Health Benefits of Ficus religiosa (Watch Video)

Ficus religiosa or sacred fig is a species of fig native to the Indian subcontinent,and Indochina. It belongs to the Moraceae, the fig or mulberry family. It is also known as the bodhi tree, pippala tree, peepul tree, peepal tree or ashwattha tree (in India and Nepal).

Ficus religiosa is a large dry season-deciduous or semi-evergreen tree up to 30 metres (98 ft) tall and with a trunk diameter of up to 3 metres (9.8 ft). The leaves are cordate in shape with a distinctive extended drip tip; they are 10–17 centimetres (3.9–6.7 in) long and 8–12 centimetres (3.1–4.7 in) broad, with a 6–10 centimetres (2.4–3.9 in) petiole. The fruits are small figs 1–1.5 centimetres (0.39–0.59 in) in diameter, green ripening to purple.

The leaves of this tree move continuously even when the air around is still and no perceptible wind is blowing. This phenomenon can be explained due to the long leaf stalk and the broad leaf structure. However, religious minded people in Hindu/Buddhist religion attribute this movement of the leaves to the fact that “devas” or “gods” reside on these leaves and make it move continuously.

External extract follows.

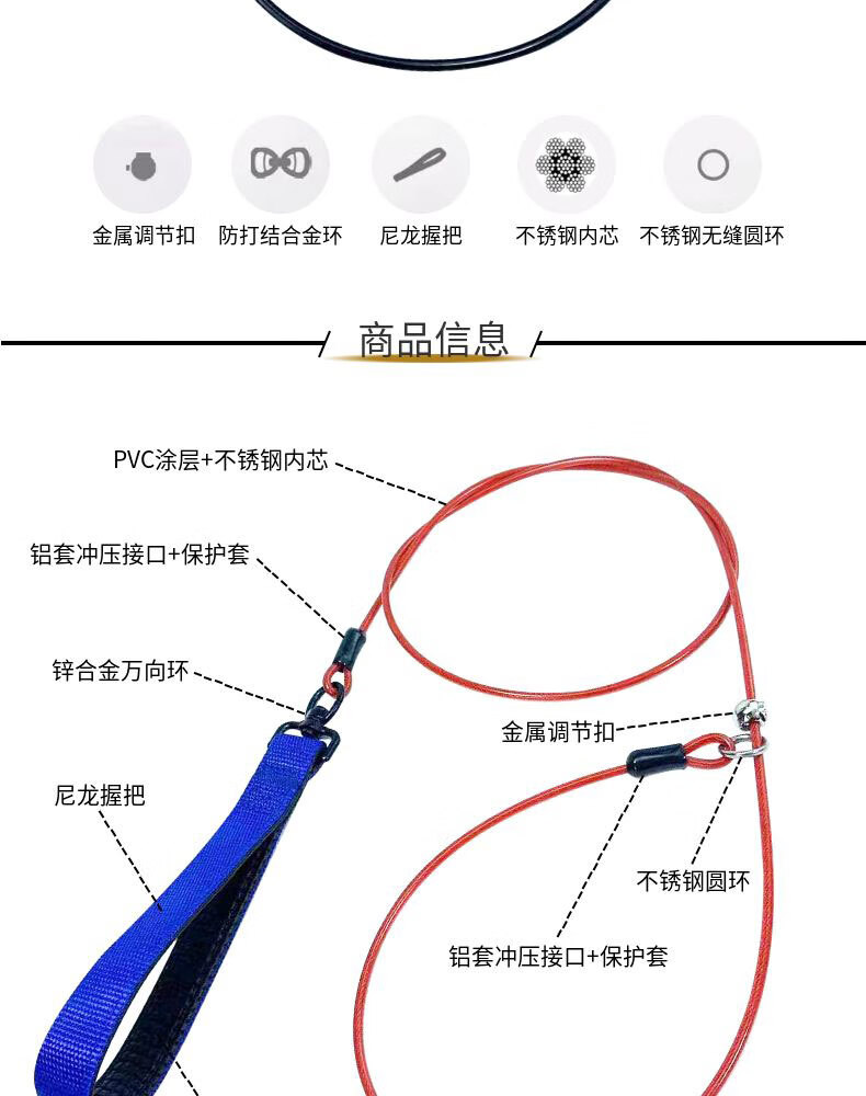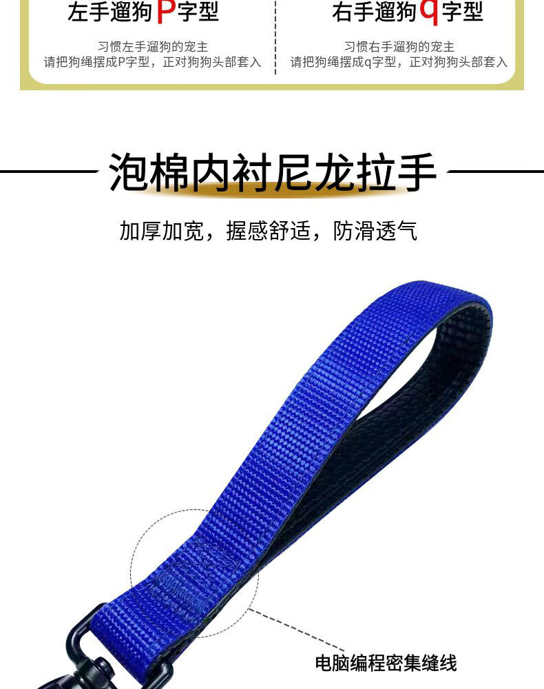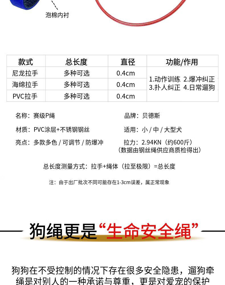 Baders p rope p chain dog leash large dog explosion-proof impact training dog suffocation rope small and medium-sized dogs adjustable dog walking rope anti-knot handle all black recommended 4mm*1.5 meters (common to all dogs)

Gautama Buddha attained enlightenment (bodhi) while meditating underneath a Ficus religiosa. The site is in present-day Bodh Gaya in Bihar, India. The original tree was destroyed, and has been replaced several times. A branch of the original tree was rooted in Anuradhapura, Sri Lanka in 288 BCE and is known as Jaya Sri Maha Bodhi; it is the oldest flowering plant (angiosperm) in the world.

In Theravada Buddhist Southeast Asia, the tree’s massive trunk is often the site of Buddhist or animist shrines. Not all Ficus religiosa can be called a Bodhi Tree. A Bodhi Tree must be able to trace its parent to another Bodhi Tree and the line goes on until the first Bodhi Tree under which Gautama is said to have gained enlightenment.

Sadhus (Hindu ascetics) still meditate beneath sacred fig trees, and Hindus do pradakshina (circumambulation, or meditative pacing) around the sacred fig tree as a mark of worship. Usually seven pradakshinas are done around the tree in the morning time chanting “vriksha rajaya namah”, meaning “salutation to the king of trees.” It claimed that the 27 stars (constellations) constituting 12 houses (rasis) and 9 planets are specifically represented precisely by 27 trees—one for each star. The Bodhi Tree is said to represent Pushya (Western star name γ, δ and θ Cancri in the Cancer constellation).

Plaksa is a possible Sanskrit term for Ficus religiosa. However, according to Macdonell and Keith (1912), it denotes the wavy-leaved fig tree (Ficus infectoria) instead. In Hindu texts, the Plaksa tree is associated with the source of the Sarasvati River. The Skanda Purana states that the Sarasvati originates from the water pot of Brahma flows from Plaksa on the Himalayas. According to Vamana Purana 32.1-4, the Sarasvati was rising from the Plaksa tree (Pipal tree). Plaksa Pra-sravana denotes the place where the Sarasvati appears. In the Rigveda Sutras, Plaksa Pra-sravana refers to the source of the Sarasvati.